Population Dynamics, Housing (Land Crises, Education, Communication, Inter-Community Relations, Etc. Volume 52- Issue 4

Kourouma Sory*

  • Institut Supérieur des Arts Mory Kanté de Dubréka (ISAMK/D), Guinea

Received: August 21, 2023;   Published: August 30, 2023

*Corresponding author: Kourouma Sory, Institut Supérieur des Arts Mory Kanté de Dubréka (ISAMK/D), Guinea

DOI: 10.26717/BJSTR.2023.52.008275

Abstract PDF

SUMMARY

The problem of insecurity undermines the development of African countries where the phenomenon causes a situation of aggravating instability. It is therefore high time for the academic debate to appropriate it based on the principle that one of the missions of the university is also to participate in the well-being of communities. The secessionist movements in the Sudano-Sahelian strip took possession of weapons and ammunition abandoned in the Libyan desert to occupy an area of millions of km2 between North Africa and the entire Sahelian part of West Africa and then operated terrorist incursions into coastal countries, particularly in the Gulf of Guinea: Benin, Côte d’Ivoire and Togo. Added to this are the problems of population and land.

Keywords: Insecurity; Land Crisis; Education; Terrorism; Population

Abbreviations: SPLA: Sudan People’s Liberation Army; ISAG: Institute of Arts of Guinea; ISAMK/D: Institut Supérieur des Arts Mory Kanté de Dubréka

Introduction

The issue of insecurity undermines the development of African countries where the phenomenon causes a situation of aggravating precariousness. It is therefore high time for the academic debate to appropriate it based on the principle that one of the missions of the university is also to participate in the well-being of communities. If yesterday our concern was simply the emancipation of the population for the development of Africa, today, the movements of populations: land crises, education, communication, inter-community relations because of insecurity is a major concern of our time. Thus, our contribution to scientific research for the fight against insecurity is topical at the level of the world, Africa and our respective nations. It is true that insecurity remains a multifaceted social phenomenon depending on the socio-economic and political environments and conditions, sometimes according to international geopolitical imperatives [1]. Indeed, research on population dynamics begins with our country since Guinea is experiencing a regime of insecurity caused by a movement of populations especially from the Foutanian plateau to the maritime coast or from the same plateau to Forest Guinea further south of the country with consequences that influence the social framework. Other aspects of life suffer the consequences of population dynamics that endanger social tranquility and peace, especially in the city of Conakry on the axis: Hamdalaye-Kagbélen, where the Ratoma area is taken each time. Finally, the Guinean case is also explained in the mining areas of Boké, Siguiri, Mandiana and Dinguiraye where populations are often expropriated of their land for the benefit of companies and which lead to violence or insecurity. As was the case in Boké where all the machines of the companies were burned and the Chinese were finally forced to comply. Apart from the insecurity linked to people, there is also climate degradation such as deforestation through mining.

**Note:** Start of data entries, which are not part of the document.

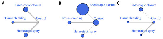 All 16 studies included in the network meta-analysis were two-armed; among these, four, six, and six studies, respectively, compared the delayed bleeding rates between the group that received post-ESD endoscopic closure, tissue shielding, and hemostatic spray, and the group treated with conventional coagulation and/or clipping of the visible vessels. Thus, a network was created among the nodes of the three categorized endoscopic approaches (endoscopic closure, tissue shielding method, and hemostatic spray) with a control group node (Figure 3A). Overall, 2742 lesions were randomly assigned to one of the three endoscopic approaches for the prevention of delayed bleeding or the conventional treatment, and were included in the network meta-analysis.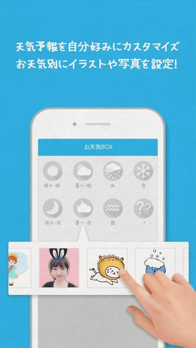 自分だけのオリジナルキャラクターアイコンで天気をお知らせ!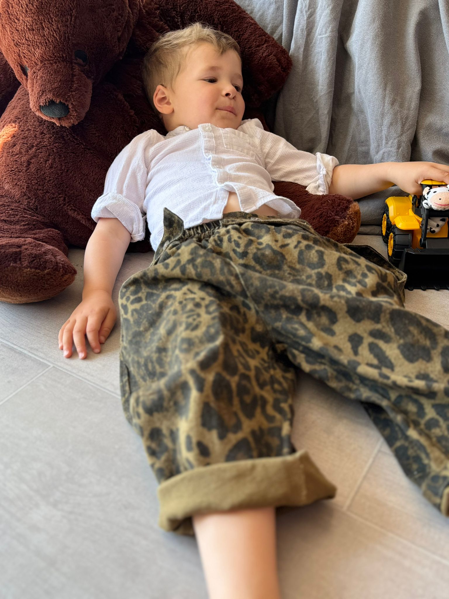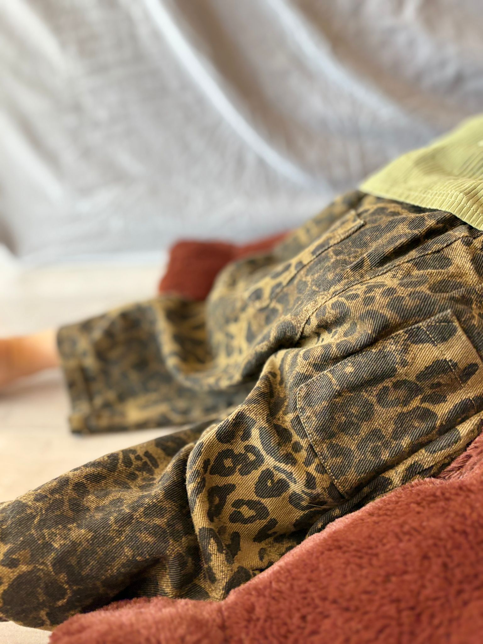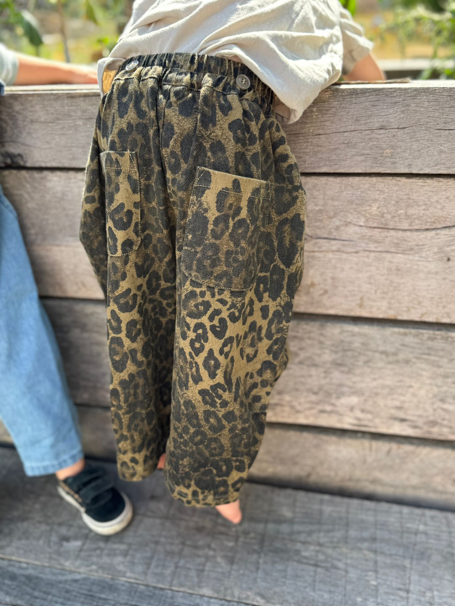 These children's leopard print trouser dungarees are made from 100% cotton, ensuring breathability and anti-pilling. They feature a stylish a printed pattern and anti-wrinkle design, offering both style and comfort for casual wear.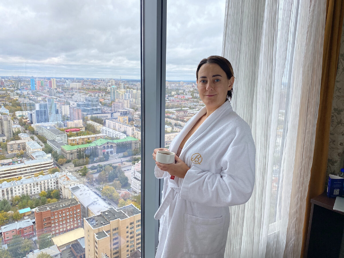 Всем привет! Продолжаю рассказывать об отелях и гостиницах, которые я посещала лично. Многие думают, что я только в Краснодарском крае бываю :-) Но это не так. Сегодня расскажу об отеле "Высоцкий" в Екатеринбурге. Очень хорошая пятёрка в центре города. Оказались мы здесь не случайно... В сентябре у нас с мужем была годовщина - 17 лет со дня свадьбы. Решили немного отдохнуть, развеяться. Но так как у мужа на работе практически нет выходных, то удалось выбраться только в Екатеринбург. И то, всего на 3 дня. Я забронировала "Высоцкий", очень давно хотела побывать в этом отеле. Ну нравятся мне панорамные окна... А вид отсюда действительно чудесный. Выбрали апартаменты, чтобы можно было вечерком чай спокойно попить, не выходя из номера. За 2 ночевки с завтраками заплатили 15 тысяч рублей. Плюс еще брали депозит 2000 рублей, который вернули при выселении из номера. Номер достаточно большой. Есть небольшая кухня с варочной панелью, вытяжкой, микроволновкой, чайником. Необходимый набор посуды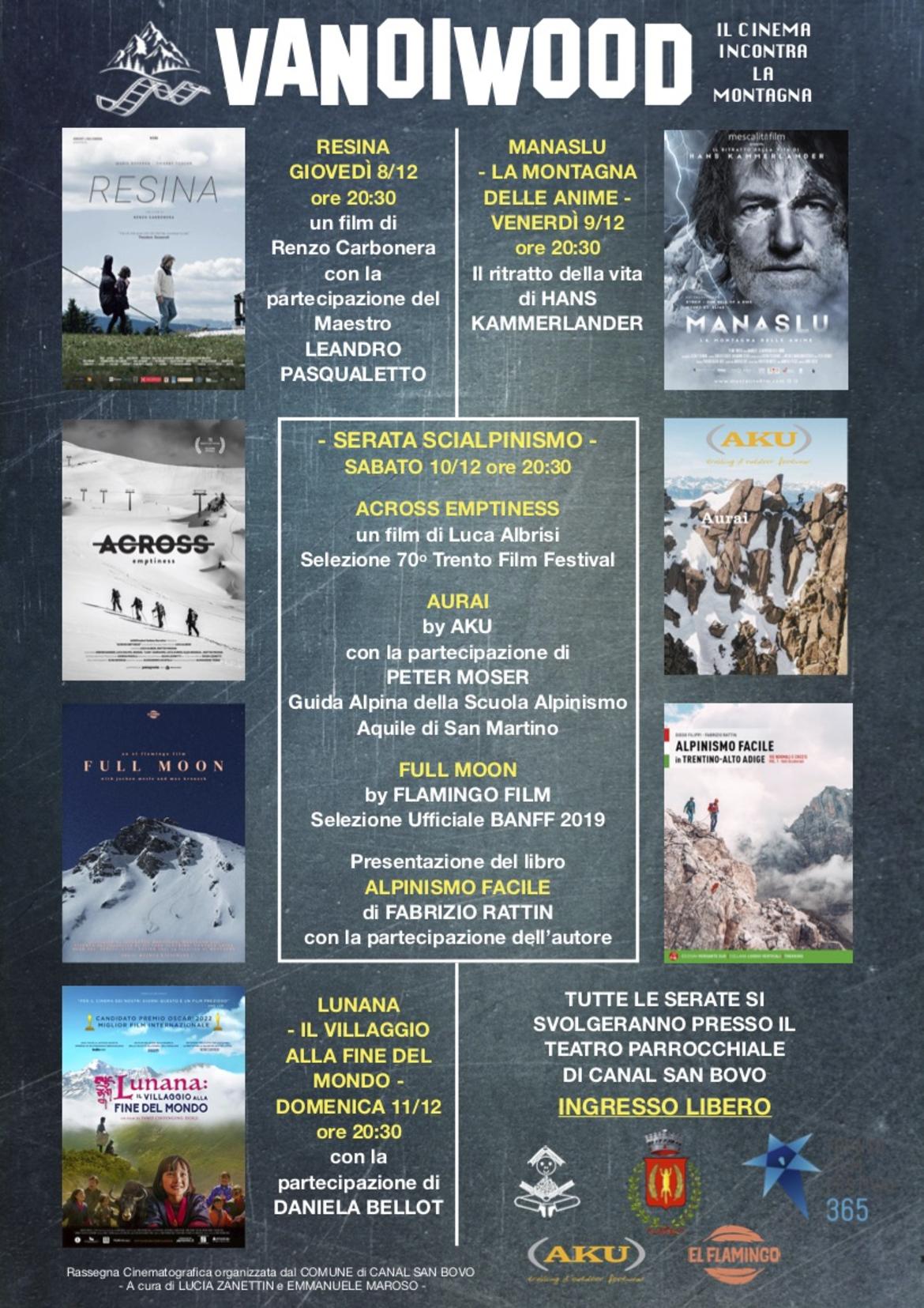 Rassegna cinematografica organizzata dal Comune di Canal San Bovo, a cura di Lucia Zanettin ed Emanuele Maroso e dedicata alla montagna, con pellicole selezionate al Trento Film Festival e al Banff, festival di film e libri di avventura, esplorazione e sport outdoor canadese.

To address the theme, our work is organized as follows:

1. The conceptual definitions and our understandings of them;
2. The level of academic research (partial overview) on the issue of insecurity and population dynamics, habitat;
3. The methodological approach with which we will conduct a Cartesian analysis that would lead to suggestions for solutions;

Thus, we will proceed by questioning, setting hypotheses and objectives to be achieved that constitute materials for the path of scientific research.

Problematic

For a long time in post-colonial Africa, the phenomenon of insecurity was explained by drought and armed rebellions whose immediate consequence is the massive displacement of populations. In this case, the food, health and hygiene of the displaced are compromised, nature can also pay the price, etc. Since the movements began in Nigeria’s Niger Delta in 2009, with the Islamic sect Boko Haram, to the Arab Spring in 2011, where many authoritarian regimes were ousted by popular movements. Insecurity has increasingly changed with the Libyan imbalance following the assassination of President Muhamar Gaddafi. The secessionist movements in the Sudano-Sahelian strip took possession of weapons and ammunition abandoned in the Libyan desert to occupy an area of six million km2 between North Africa and the entire Sahelian part of West Africa and then operated terrorist incursions into coastal countries, particularly in the Gulf of Guinea: Benin, Côte d’Ivoire and Togo. Added to this are the problems of population and land. The productive countryside is being disrupted in its primary vocation by new forms of creative and residential uses [2]. The resurgence of conflicts of use in recent years is the most tangible marker of this slow transformation, which makes rural areas the subject of new demands on the one hand, by neo-rural people and, on the other hand, by tourists, who attach increasing importance to the preservation of their living environment. Faced with the rise of environmental issues, new lines of conflict are emerging with “traditional” populations, first and foremost farmers.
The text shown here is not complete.